(Data records)
+ + + + + + +

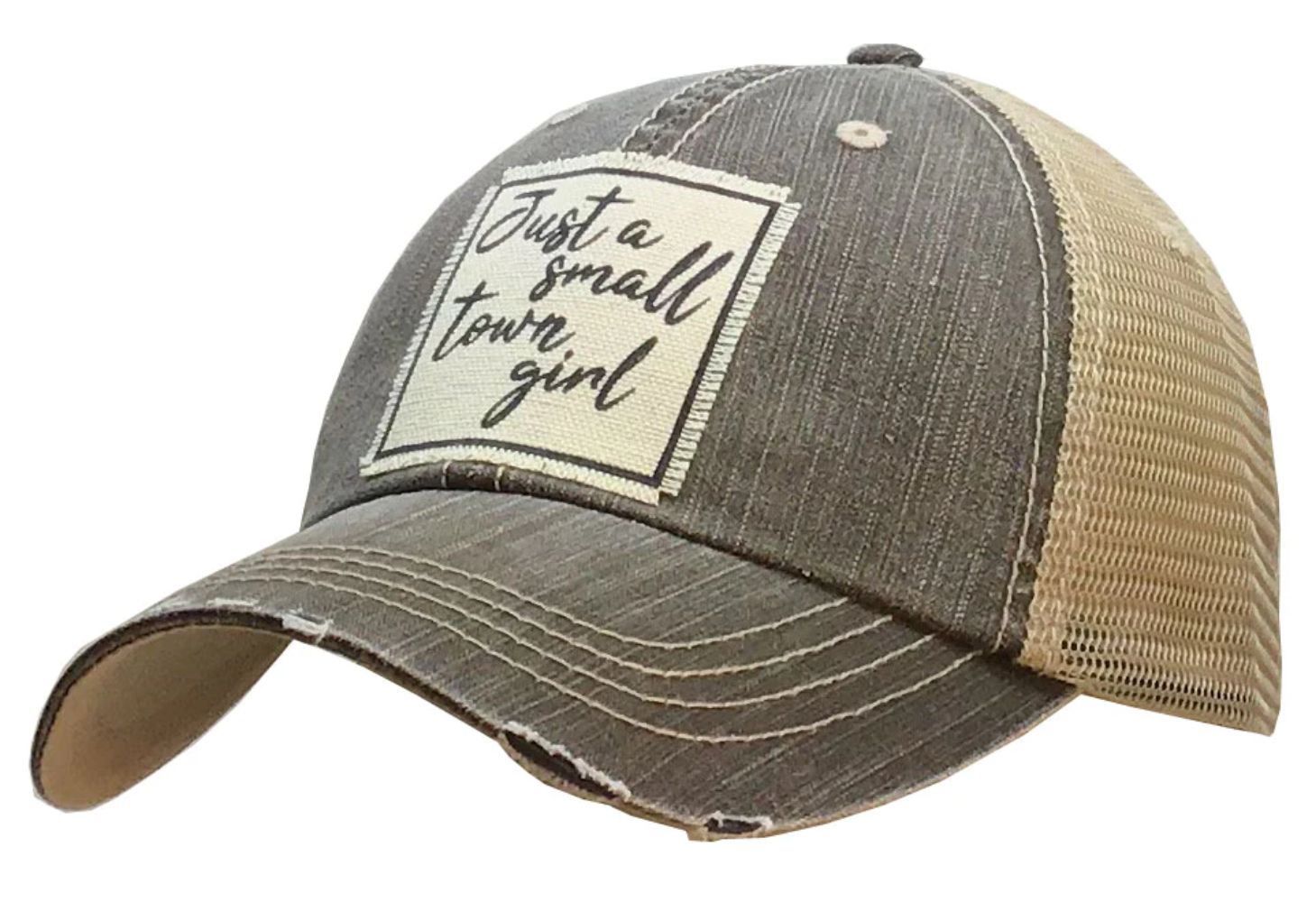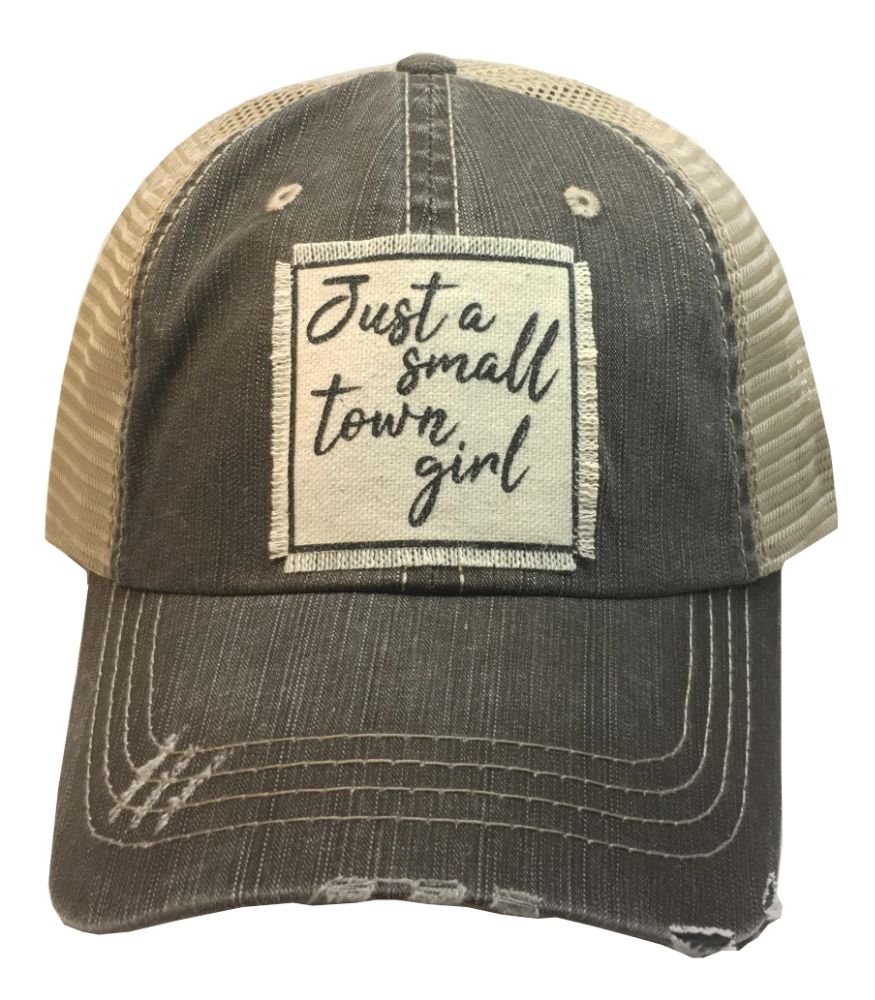 Vintage Distressed Trucker Cap "Just A Small Town Girl"Color: Light Brown Distressed Material: Cotton/Polyester blend, Mesh backSize: One size fits most,...
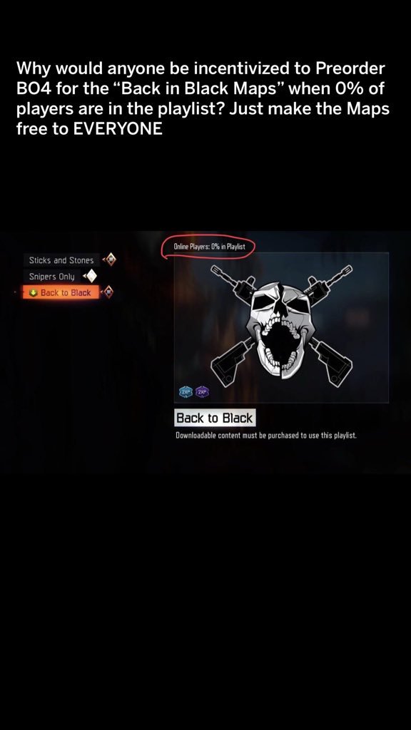 Plus if we all stood together we could get free maps now if you'd rather pay for the maps than get them free you must be brain damaged its already been proven the microtransactions easily cover development so season pass is pure greed
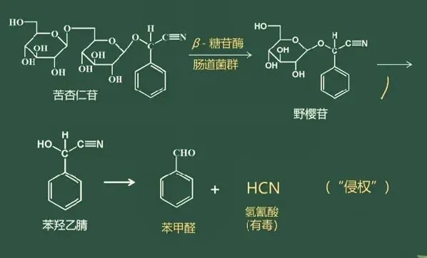 (1)水解三部曲:苦杏仁苷 → (酶/酸水解) → 野樱苷 → (进一步水解) → 苯甲醛(特殊香味) + 氢氰酸(HCN)。
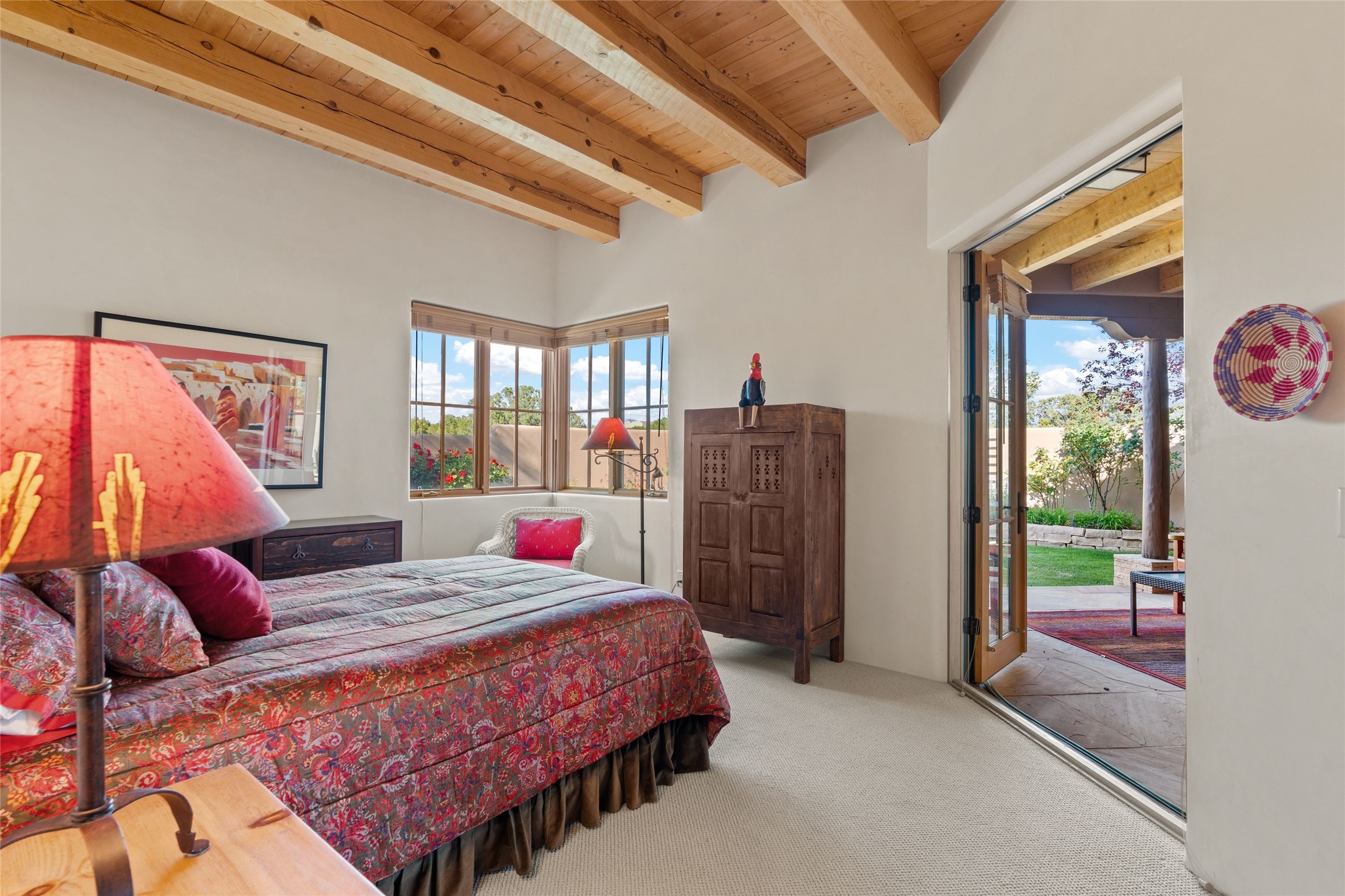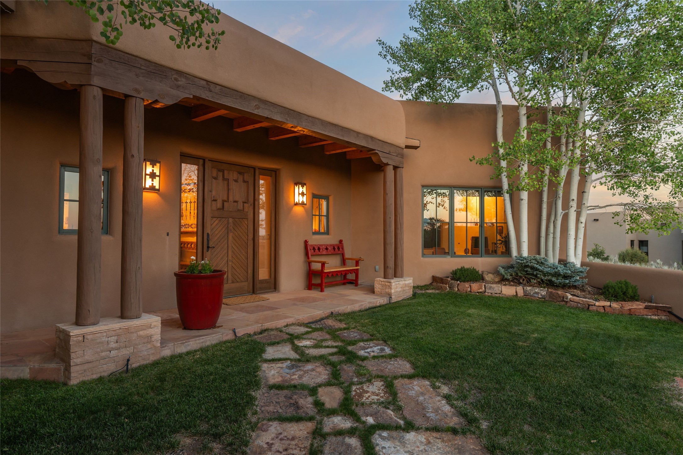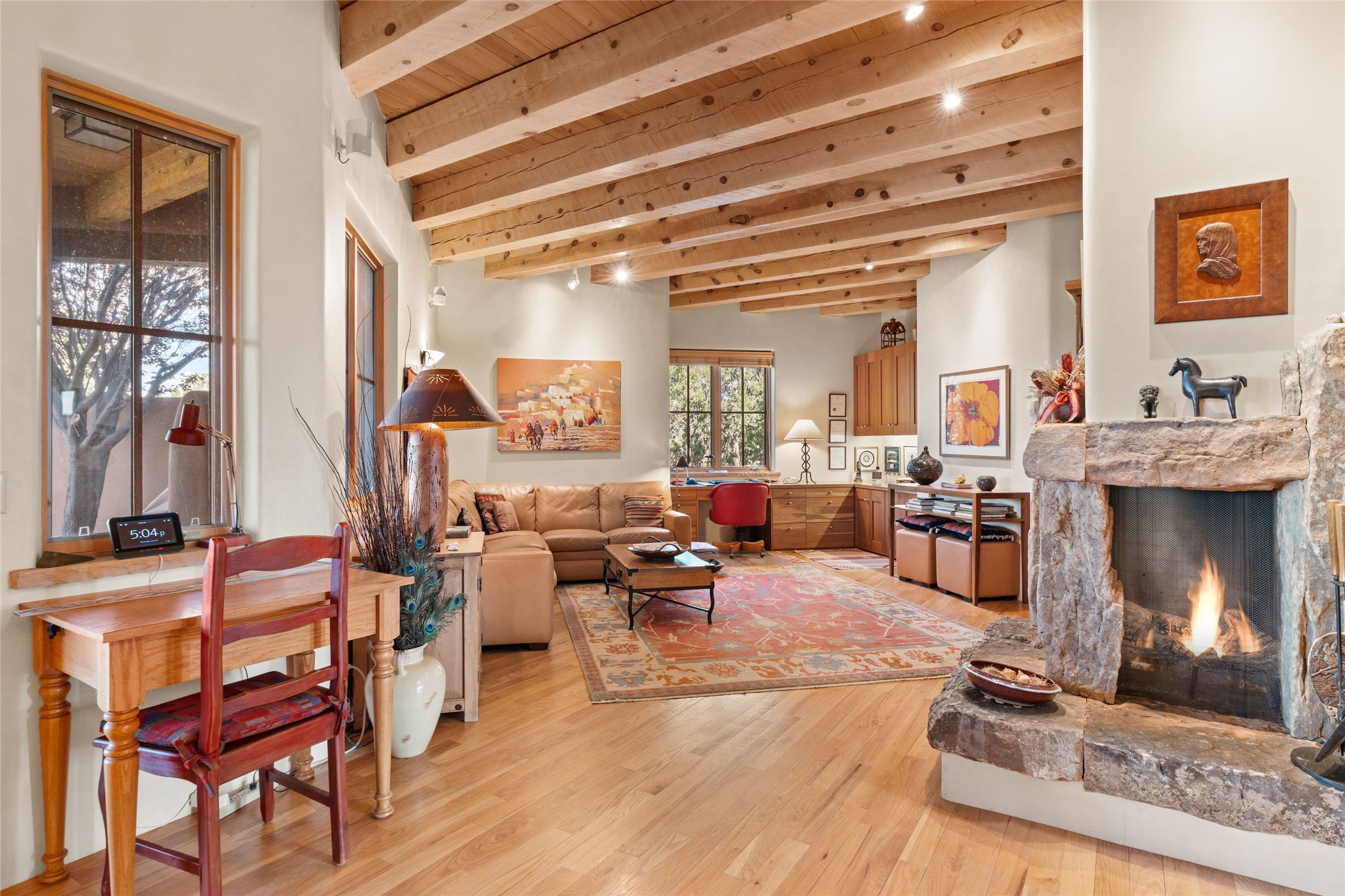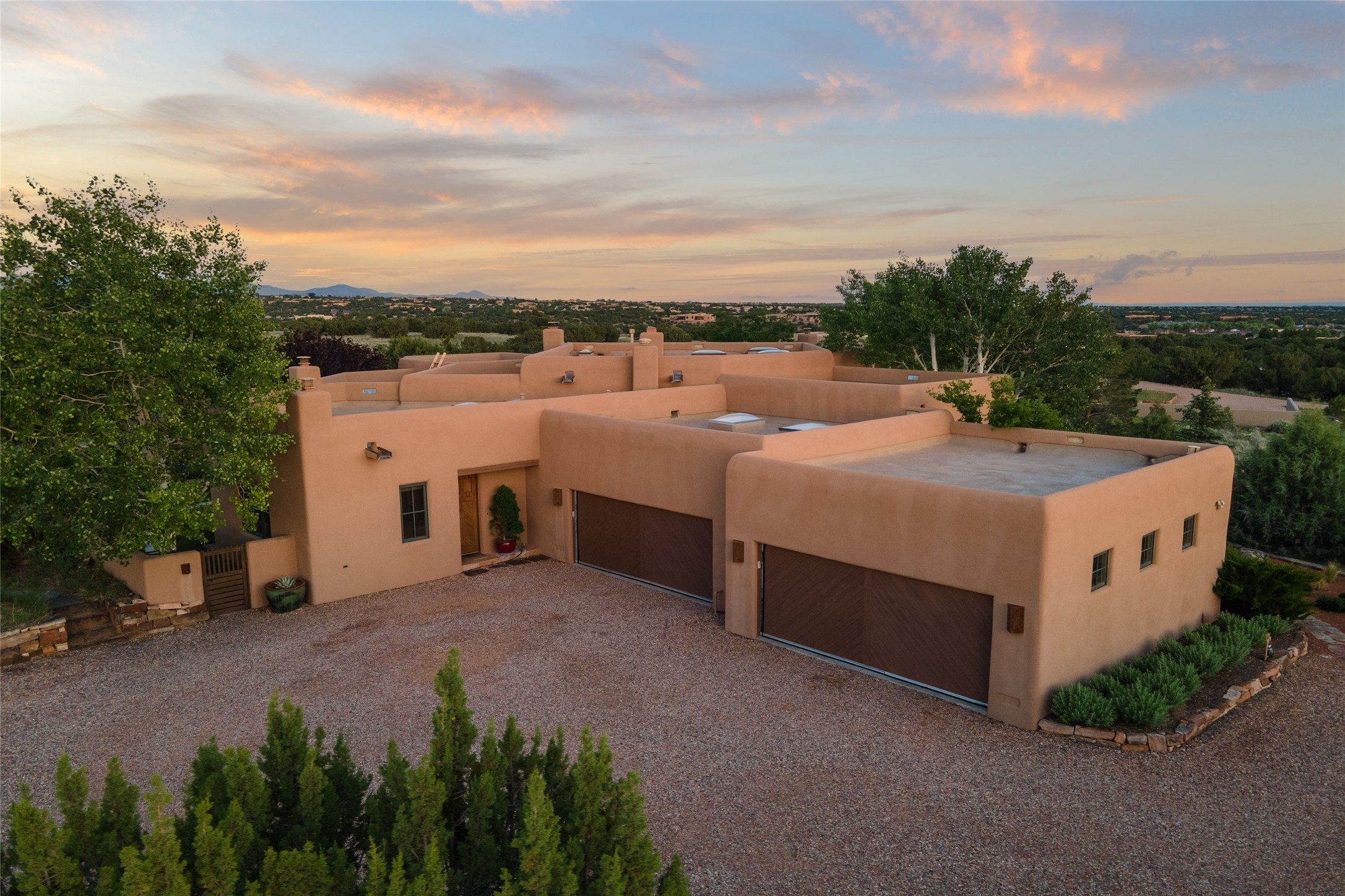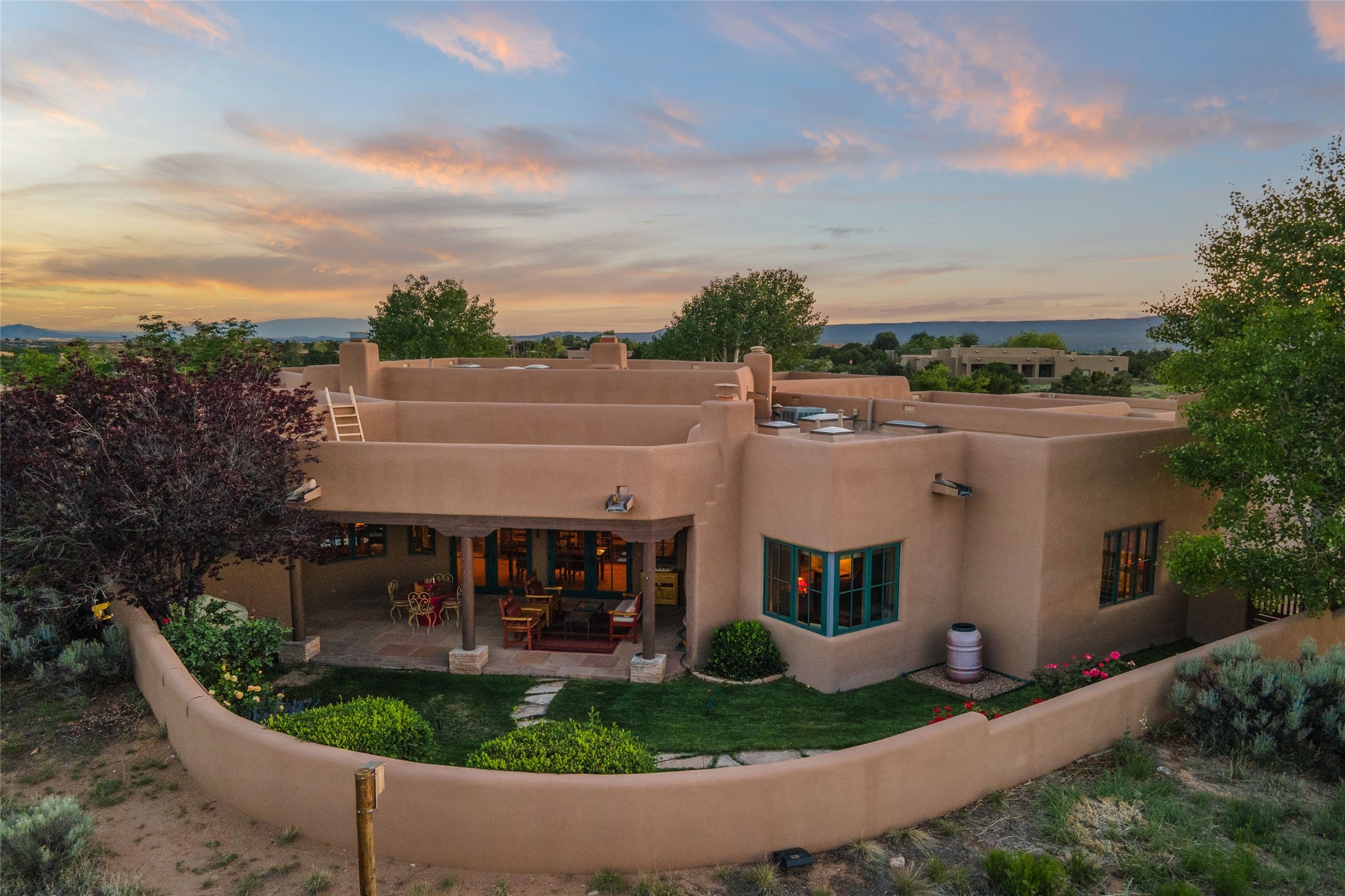 This Soft Contemporary 4-Bedroom / 3.5 Bath, Single-story home with No Steps built by locally-renowned Builder Kim Unger offers a Jemez & Sangre de Cristo View in gated Las Campanas. The Living Room has enough space for a Grand Piano & enjoys a Jemez Mountain view. The adjacent Dining Room showcases a stunning Anasazi-style fireplace & dramatic soaring ceiling. The Kitchen has stainless appliances, a large eating bar for socializing as well as an easy transition to the casual dining area with wet bar for entertaining. The nearby Family Room has a hand-built rock fireplace, TV / Media area & convenient built-in desk. The Main Suite includes a kiva fireplace, retreat area & a walk-in closet worthy of a retail establishment. The Main Bath offers a generously-sized soaking tub, walk-in shower, two-sink vanity & access to a private portal area. Three additional bedrooms provide ample space for friends & family to stay, one with an en-suite bath and another with a microwave, sink, under-counter refrigerator & outside entrance. Two adjoining 2-car garages provide a multitude of choices - Art Studio, Wood Shop, Work-Out area or space for that special collectible car. The spacious outdoor area includes a shaded portal area with wood-burning kiva fireplace, water feature, refreshing green grass lawn area, plus a spacious roof deck with 360-degree Mountain Views. This fabulous single-story home with No Steps checks all the boxes - 4 Bedrooms * Family Room * 3 Baths * 4-Car Garage * Roof Deck with 360-degree mountain views - Call for an appointment Today!
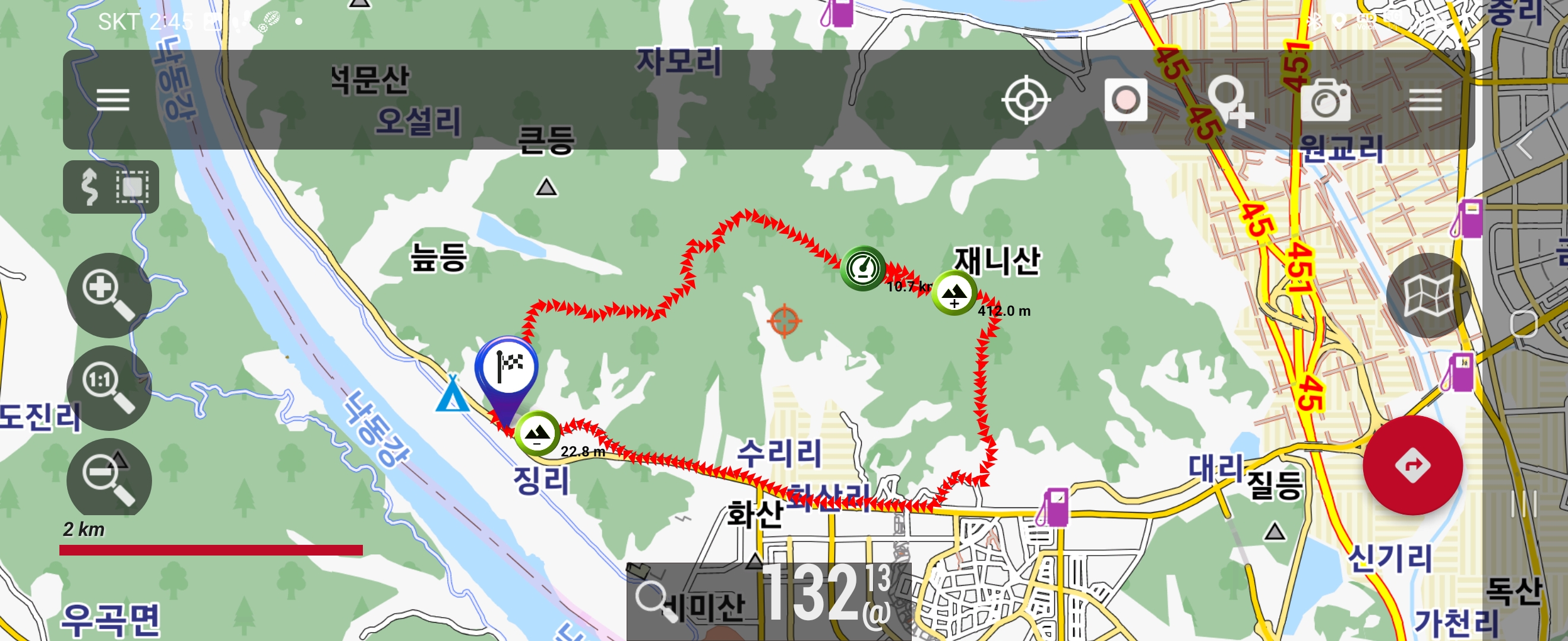 지도에는 왕령지맥은 좌측 아래 임도로 되어있는데 이곳 등고선으로

+ + + + + + +

Each record above must be set down again unchanged, with its pictures left out.

 Vintage Distressed Trucker Cap "Just A Small Town Girl"Color: Light Brown Distressed Material: Cotton/Polyester blend, Mesh backSize: One size fits most,...
 Plus if we all stood together we could get free maps now if you'd rather pay for the maps than get them free you must be brain damaged its already been proven the microtransactions easily cover development so season pass is pure greed
 (1)水解三部曲:苦杏仁苷 → (酶/酸水解) → 野樱苷 → (进一步水解) → 苯甲醛(特殊香味) + 氢氰酸(HCN)。
 This Soft Contemporary 4-Bedroom / 3.5 Bath, Single-story home with No Steps built by locally-renowned Builder Kim Unger offers a Jemez & Sangre de Cristo View in gated Las Campanas. The Living Room has enough space for a Grand Piano & enjoys a Jemez Mountain view. The adjacent Dining Room showcases a stunning Anasazi-style fireplace & dramatic soaring ceiling. The Kitchen has stainless appliances, a large eating bar for socializing as well as an easy transition to the casual dining area with wet bar for entertaining. The nearby Family Room has a hand-built rock fireplace, TV / Media area & convenient built-in desk. The Main Suite includes a kiva fireplace, retreat area & a walk-in closet worthy of a retail establishment. The Main Bath offers a generously-sized soaking tub, walk-in shower, two-sink vanity & access to a private portal area. Three additional bedrooms provide ample space for friends & family to stay, one with an en-suite bath and another with a microwave, sink, under-counter refrigerator & outside entrance. Two adjoining 2-car garages provide a multitude of choices - Art Studio, Wood Shop, Work-Out area or space for that special collectible car. The spacious outdoor area includes a shaded portal area with wood-burning kiva fireplace, water feature, refreshing green grass lawn area, plus a spacious roof deck with 360-degree Mountain Views. This fabulous single-story home with No Steps checks all the boxes - 4 Bedrooms * Family Room * 3 Baths * 4-Car Garage * Roof Deck with 360-degree mountain views - Call for an appointment Today!
 지도에는 왕령지맥은 좌측 아래 임도로 되어있는데 이곳 등고선으로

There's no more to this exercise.